The purchase of the shares will be funded from Herbalife’s cash on hand and existing credit facility. The share buyback is a part of the nutrition company’s 2018 repurchase program, which takes the total to about $1.5 billion in shares.
Back in 2013, when Icahn Enterprises closed a support agreement with Herbalife as the company was under pressure from short sellers, it agreed to give the activist investor five board seats for as long as it held at least 14 million of its common shares. Following the repurchase deal, which will take Icahn’s holding below this threshold, all five directors resigned from Herbalife’s board of directors on January 3.

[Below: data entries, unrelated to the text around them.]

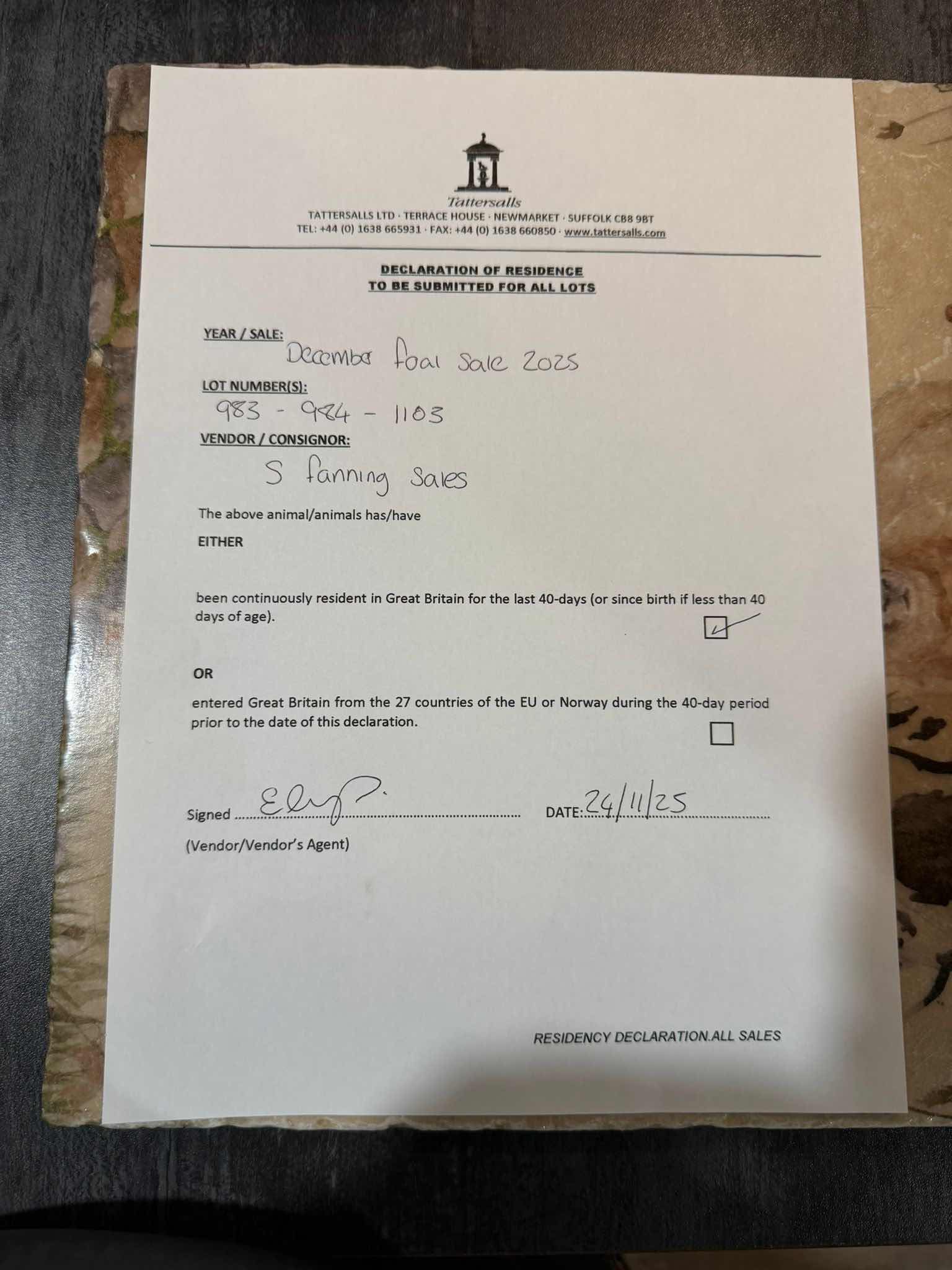 Consignor: S Fanning Sales
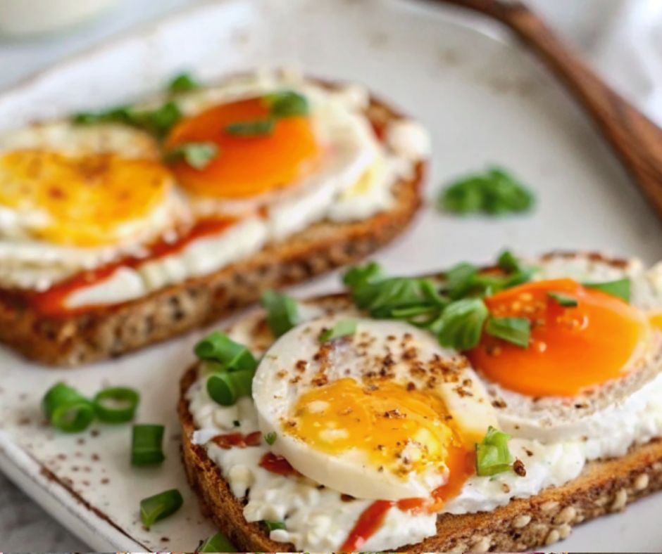 5. Cottage Cheese Egg & Sriracha Protein Toast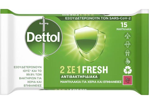 Dettol 2 σε 1 Fresh Αντιβακτηριδιακά Μαντηλάκια για Χέρια & Επιφάνειες 15τμχ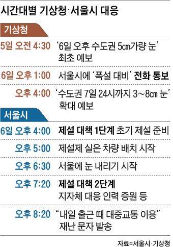 서울시는 기상청의 눈 예보가 있었음에도 제설차로 눈을 밀어내는 본격 제설은 도로를 눈이 완전 뒤덮은 뒤인 7시 20분에야 시작했다. 서울 남부 지역엔 이미 7㎝가 넘는 폭설로 도로가 아수라장이 된 상태였다. 서울시 측은 “6시 30분쯤부터 현장에 제설차가 모두 나가 있었지만 도로 정체 때문에 제대로 움직이지 못했다”며 “미리 뿌려둔 제설제도 기온이 너무 내려간 데다 눈이 갑자기 쏟아져 제 효과를 발휘하지 못했다”고 했다. 이 때문에 “서울시는 대체 제설도 안 하고 뭐하느냐”는 시민들 원성이 6~7일 이틀 내내 쏟아졌다.

“When I began purchasing the shares, I believed it was undervalued for extraneous reasons that I thought made little sense,” Icahn stated. “At the time, I believed the company was in need of an activist and that certainly turned out to be correct. Yet, the time for activism has passed as the company has grown, and I don’t typically invest billions of dollars in companies where our role as activist is not needed.”
“That being said, Herbalife Nutrition’s products and business opportunity are needed now more than ever, and I look forward to remaining a shareholder of the company,” he summed up.
Shares in Herbalife have recovered after hitting a low in March and are now trading almost 1% higher than a year ago, as the company has been benefiting from the recent trend of consumer preferences for a healthy lifestyle during the coronavirus pandemic. (See Herbalife stock analysis on TipRanks)
Citigroup analyst Wendy Nicholson last month raised the stock’s price target to $66 from $63 and reiterated a Buy rating as she slightly adjusted earnings estimates to account for a better outlook for interest expense and share count. The new PT implies 37% upside potential over the coming 12 months.